■ DATASET EXTRACT ■
=== Begin Enclosure ===

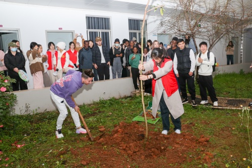 随后,大家先后参观了逸夫楼、第二田径场、画眉潭、图书馆、第一教学楼、员工中心、南苑篮球场以及南校门铜像广场。每到一处,志愿者们都用流利的中英双语进行介绍和讲解,将每一处景点的历史背景、文化内涵以及背后的故事娓娓道来。湘大校园的美景和深厚的文化底蕴让在场员工惊叹不已,纷纷拿出手机拍照留念,记录下这些精彩的文化活动。活动最后,中外职工齐心种下一棵金丝楠木树,表达他们同心合力,共续友谊的美好心愿。
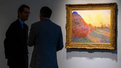 Pocas obras inspiran tanto al verlas como Meules, de Claude Monet. Y por eso no era una casualidad que Harry Dalmeny tuviera el radiante lienzo a sus espaldas mientras dirigía la gran noche de subasta en Sotheby´s. El valor estimado del cuadro estrella excedía los 55 millones de dólares (49 millones de euros). La cifra la superó con facilidad. La puja se cerró en 110,7 millones de dólares (98 millones de euros) —incluida la comisión— y marcó así un nuevo récord tanto para el artista como para una obra de arte impresionista.
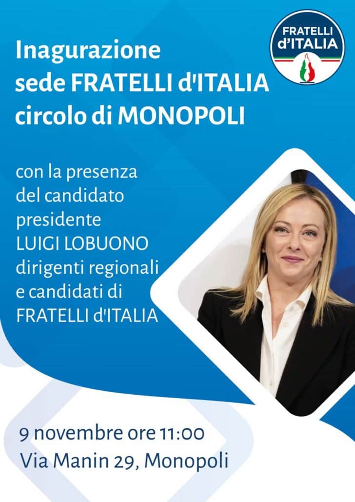 Fratelli d’Italia annuncia l’inaugurazione del proprio circolo cittadino a Monopoli, un evento che segna un nuovo presidio territoriale del partito nella città.

=== End Enclosure ===

Output verbatim the lines beginning at the line with "Pocas obras inspiran" and ending at the last line of the material above, inclusive. Do not carry over any pictures.

 Pocas obras inspiran tanto al verlas como Meules, de Claude Monet. Y por eso no era una casualidad que Harry Dalmeny tuviera el radiante lienzo a sus espaldas mientras dirigía la gran noche de subasta en Sotheby´s. El valor estimado del cuadro estrella excedía los 55 millones de dólares (49 millones de euros). La cifra la superó con facilidad. La puja se cerró en 110,7 millones de dólares (98 millones de euros) —incluida la comisión— y marcó así un nuevo récord tanto para el artista como para una obra de arte impresionista.
 Fratelli d’Italia annuncia l’inaugurazione del proprio circolo cittadino a Monopoli, un evento che segna un nuovo presidio territoriale del partito nella città.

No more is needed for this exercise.